Tuesday, 21 January 2014

Some odds and ends from last August...

 795 - Polina in Russia (RU-1853454) sent me this lovely photo of a ballet dancer.  And this stamp is super.


797 - This is a Barbed Agama or Bearded Dragon (Pogona vitticeps) from 'Frightener' in Belarus (BY-978739)


798 - My friends Carol and Rob sent this card of Deception Falls on the scenic Stevens Pass Highjway over the Cascades in Washington State. In the early days of their marriage they used to go picnicing along this river with Rob's brother and his family.


800 - Rita has sent me postcards of Danish UNESCO World Heritage Sites including this one - Roskilde Cathedral on the island of Zealand.  Built in the 12th and 13th centuries, this was Scandinavia's first Gothic cathedral to be built of brick and it encouraged the spread of this style throughout northern Europe. It has been the mausoleum of the Danish royal family since the 15th century. Porches and side chapels were added up to the end of the 19th century. Thus it provides a clear overview of the development of European religious architecture.

The Europa stamp theme for this year is postal vehicles.


804 - Damien in France sends me lots of maps of the different Departments.


811 - Audrey Hepburn is my ideal but this card of Brigitte Bardot from Didier (FR-308280) was just as welcome!



813 - My friend Eva had a holiday in The Azores and was kind enough to send me a card of these old vineyards on Pico Island - a UNESCO WHS. 

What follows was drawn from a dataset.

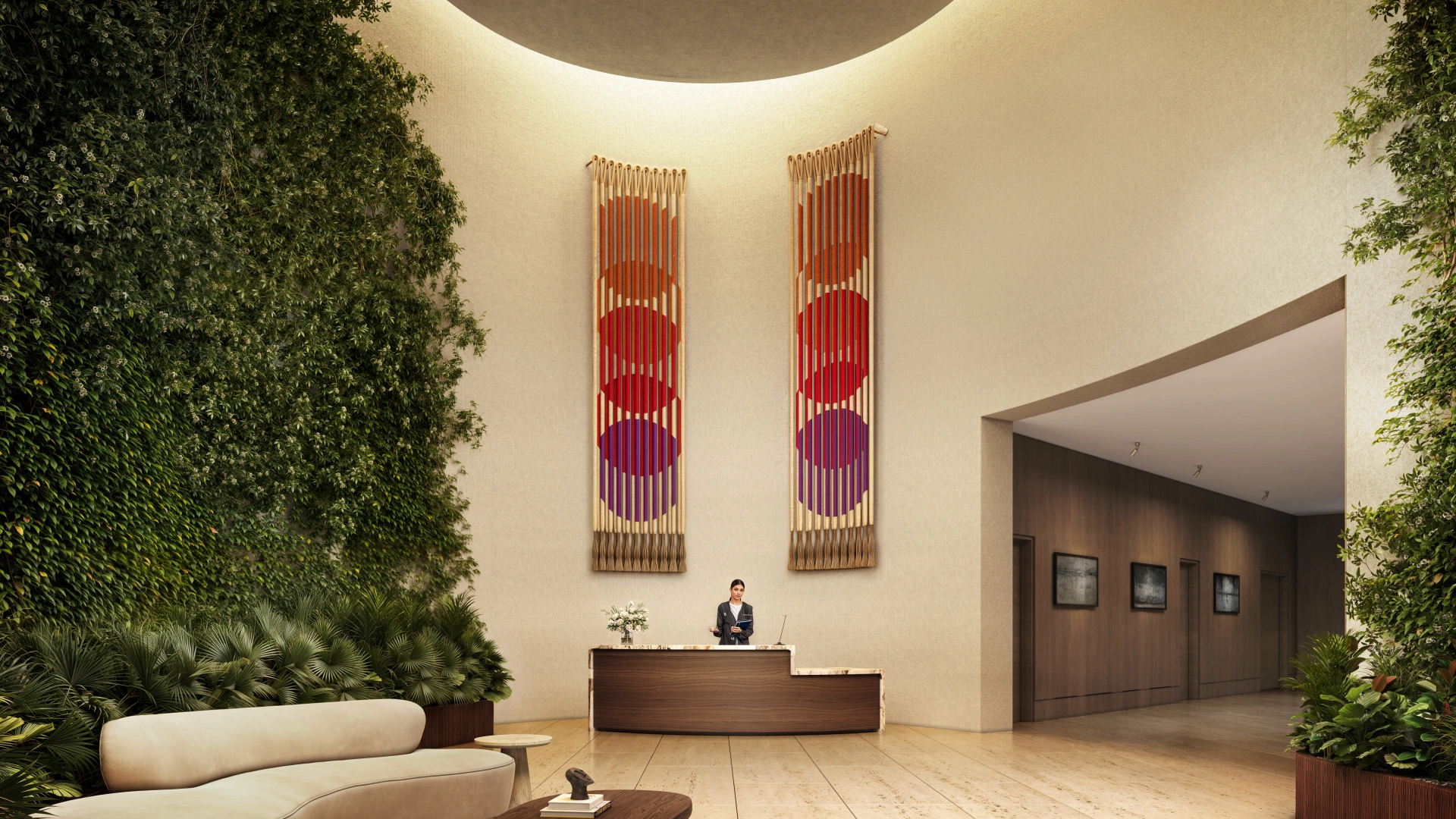 Soaring ceilings, sculpted lighting, and lush green walls. Rich tactile finishes in the lobby blend grandeur and intimacy, with a 24hr concierge and the services of a private members club.

The 987-ha site on the volcanic island of Pico, the second largest in the Azores archipelago, consists of a remarkable pattern of spaced-out, long linear walls running inland from, and parallel to, the rocky shore. The walls were built to protect the thousands of small, contiguous, rectangular plots (currais) from wind and seawater. Evidence of this viniculture, whose origins date back to the 15th century, is manifest in the extraordinary assembly of the fields, in houses and early 19th-century manor houses, in wine-cellars, churches and ports. The extraordinarily beautiful man-made landscape of the site is the best remaining area of a once much more widespread practice.